卢卡斯的状态介于紧张和兴奋之间。他换上了一件相对完整、用洞内渗水洗净的里衣(原本是艾瑞斯的备用内衬,稍大),眼镜用树胶勉强粘好。他怀里紧紧抱着那个能量即将耗尽、但被老 K 用最后一点便携能源(从残响身上“挤”出来的)勉强续了一口命的数据板。现在,数据板屏幕上显示着一张由残响提供、卢卡斯手动简化的、从洞穴到目标溶洞入口的粗略路线图,以及几个被标记为“高晶噬菌活性区”或“潜在掠食者出没点”的红色区域。他的另一只手,则握着一根相对轻便的、末端绑着尖锐石片的短矛,手心里全是汗。
艾瑞斯站在洞口附近的光暗交界处。她换上了莱拉相对完整的外套(莱拉坚持),自己的破损衣物则用于加固包扎。她的脸色依旧苍白,但那双眼睛里的涣散和剧痛被强行压到了最深处,取而代之的是一种近乎燃烧的、冰冷的专注。她没有携带长武器,只在腰间用藤条系着那柄老 K 精心打磨过边缘的石刀,手里握着一根笔直、轻韧的细长木棍,既是探路杖,必要时也能当武器。她的呼吸很轻,很稳,仿佛一尊调整到最佳状态的精密仪器,只是这仪器的内核布满了裂痕,全靠意志力的强箍才没有崩碎。
莱拉站在艾瑞斯身侧。她穿着里昂那件过于宽大、但袖口和裤脚被用藤条草草扎起的旧外套,长发也被用细藤蔓束在脑后。她的脸色是众人中相对最好的,荧光菇和洞穴能量的滋养,加上一夜深度冥想(尝试与平衡戒及“源点”种子建立更稳定的低频共鸣),让她的精神力恢复了不少,至少不再有那种随时会晕厥的虚弱感。她没有携带明显的武器,只是双手戴着那副(从破损衣物上拆下的)简陋的“手套”,右手掌心轻轻覆在腰间的平衡戒上。她的眼神清澈,带着一丝紧张,但更多的是沉静与坚定。她是这次探索的“眼睛”和“警报器”。

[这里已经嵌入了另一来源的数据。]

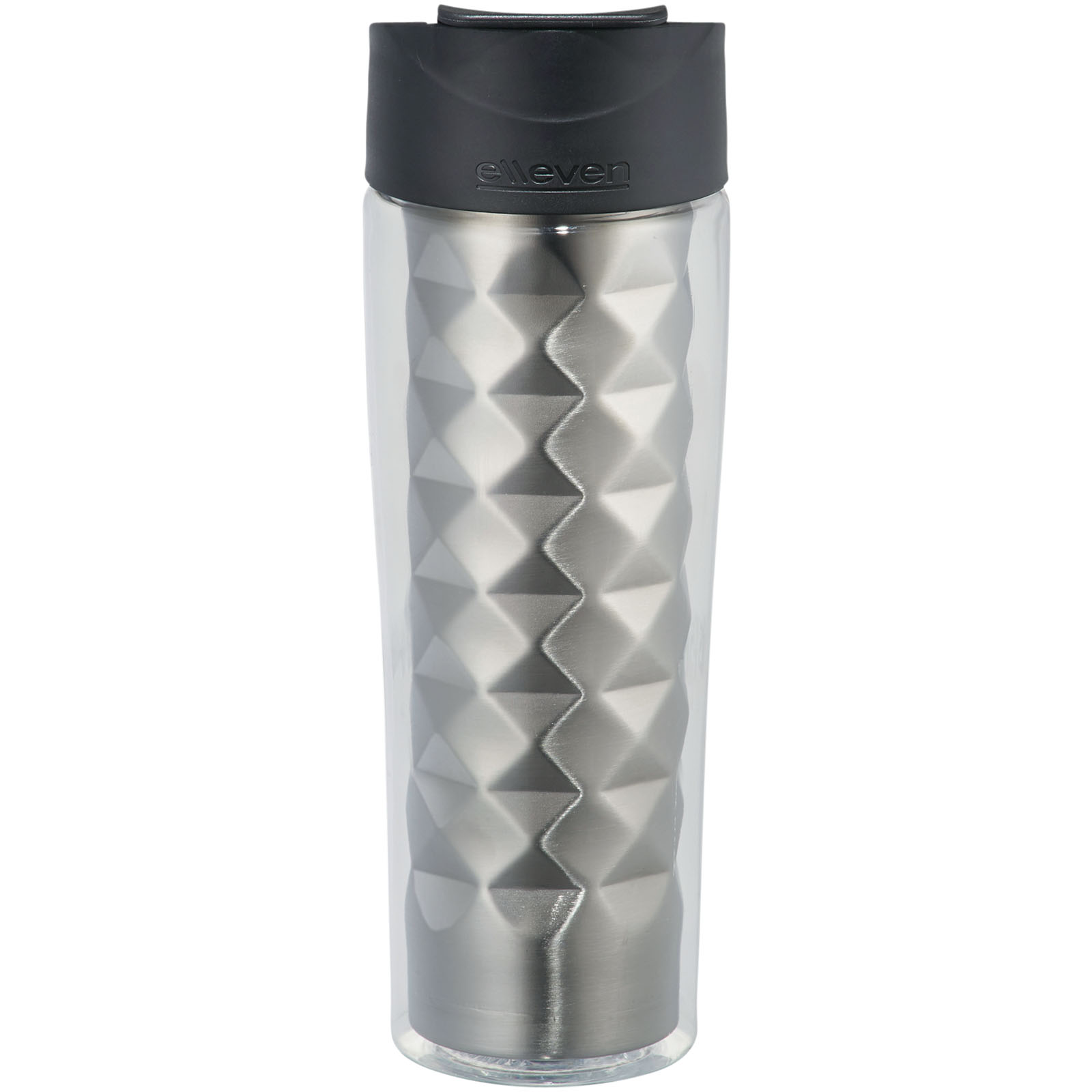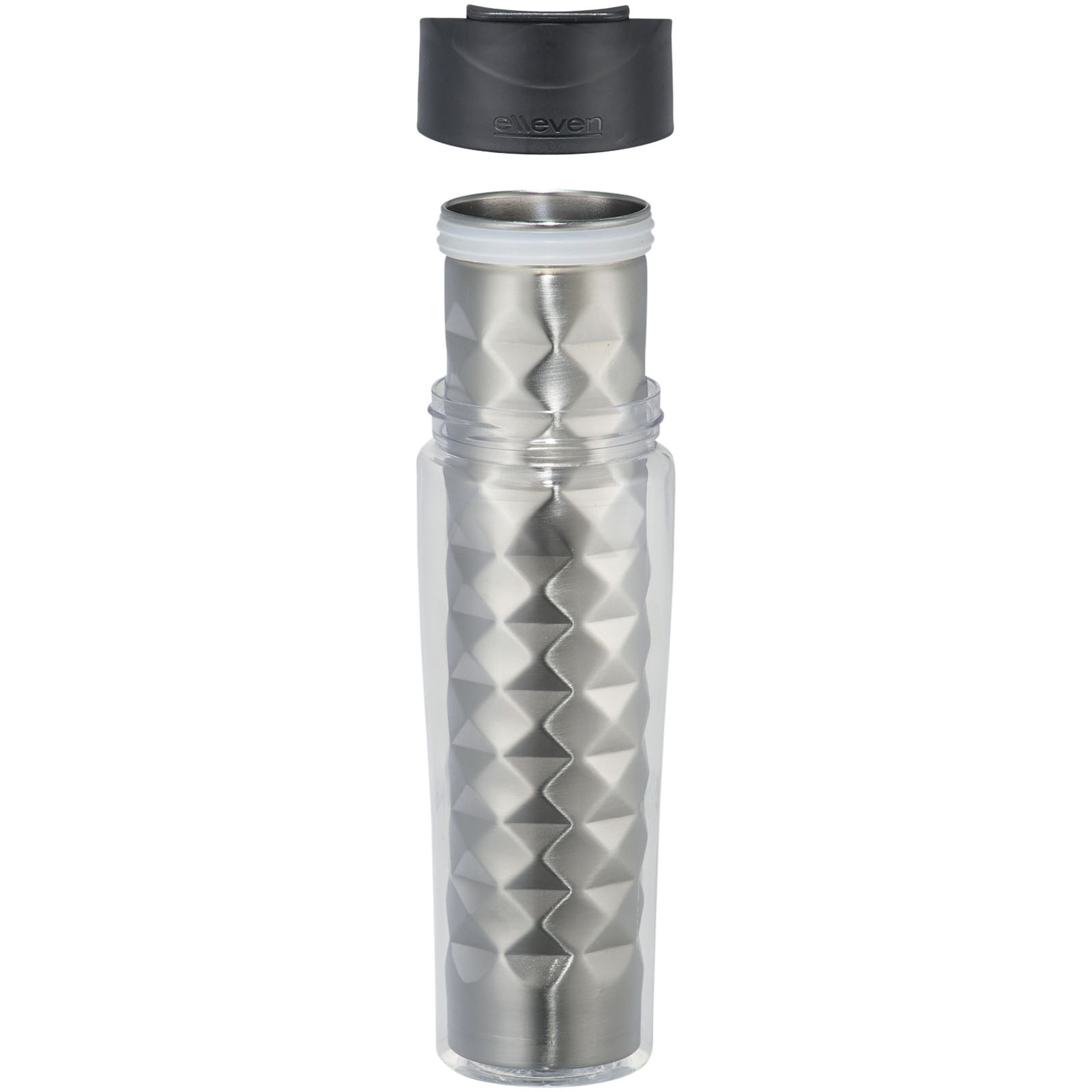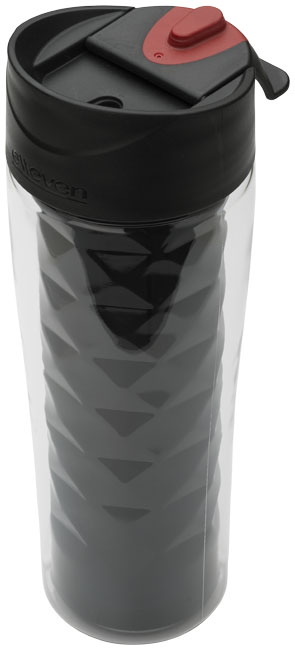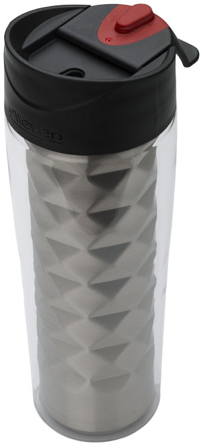 Termohrnček Traver 2-v-1. Dvojplášťová vákuová termoska z nerezovej ocele s odklápacou nápojové krytkou (flip-top) a premysleným geometrickým dizajnom. Dodávané v darčekovej kazete Elleven. Nerezová oceľ. Nekvapkajúci flase. Objem 475 ml. BPA-free Eastman Tritan ™.
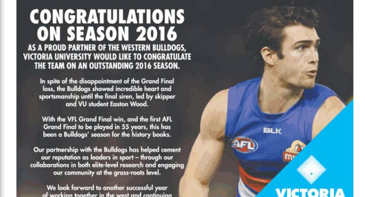 “We acknowledge a mistake made in today’s paper regarding Victoria University and the Western Bulldogs. An advertisement was run congratulating the Western Bulldogs on an outstanding 2016 season, instead of one celebrating their Grand Final victory. This was the result of a breakdown in our ad system. We apologise to both Vic Uni and the Western Bulldogs.”
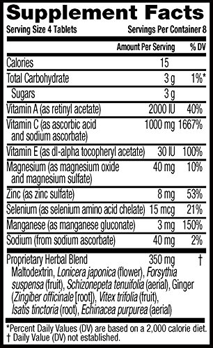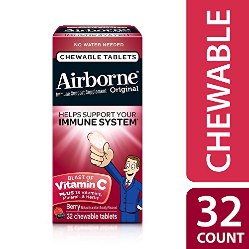 Airborne Chewable Tablets provide real immune support in a great-tasting and easy-to-take form; no water needed. Each serving (4 tablets) delivers a blast of 1000 mg of Vitamin C plus 13 other immune system supporting vitamins, minerals, and herbs, including Echinacea, ginger, and other herbal extracts from whole plant materials.* Same immune support found in Airborne Effervescent Tablets and Gummies. Take up to 3X per day as needed. Gluten Free & No Preservatives. *These Statements have not been evaluated by the Food and Drug Administration. This product is not intended to diagnose, treat, cure or prevent any disease.Feature
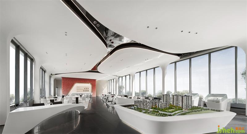 空間在尺度上并不具備優(yōu)勢的狹長空間中,營銷中心設計師在滿足售樓處功能的同時,通過縱向挑空,橫向拉伸的設計原則,為空間打造盡可能的開敞布局,使整體空間與建筑、戶外景觀融為一體,減少局促感、壓迫感。

而“向导”残响,则静静地“站”在洞穴外,沐浴在雨林清晨(相对概念)那迷离的光影中。它胸前的红色独眼稳定地明灭着,体内能量核心的“嗡嗡”声比之前响亮、平稳了一些。经过老 K 用能找到的金属碎片和能量导管对它的“腿部”关节和几处明显漏能的缝隙进行了极其粗糙的“加固”和“打补丁”后,它移动时的“嘎吱”声小了些,步履也似乎稳了一点点——仅限于“一点点”。它背上,用藤蔓固定着两小包东西:一包是预留的、用叶子包裹的坚果(万一需要“贿赂”或紧急能量补充),另一包是几块从跃迁舱上拆下的、可能有用的金属碎片和一小截相对完好的能量线缆。
“最后确认。” 艾瑞斯的声音不高,但清晰地传入每个人耳中,“目标:东南方向溶洞,废弃勘探单元残骸,优先获取医疗物资与工具。路线:按既定地图,残响领路,莱拉居中感应,卢卡斯导航辅助,老 K 和我负责前后警戒。通信:以手势和残响的闪光信号为主,非必要不发声。遭遇战原则:规避优先,无法规避则速战速决,以驱离或突破为目的,不纠缠。撤退信号:我或残响发出连续三次短促闪光,或莱拉发出明确危险警告。都清楚吗?”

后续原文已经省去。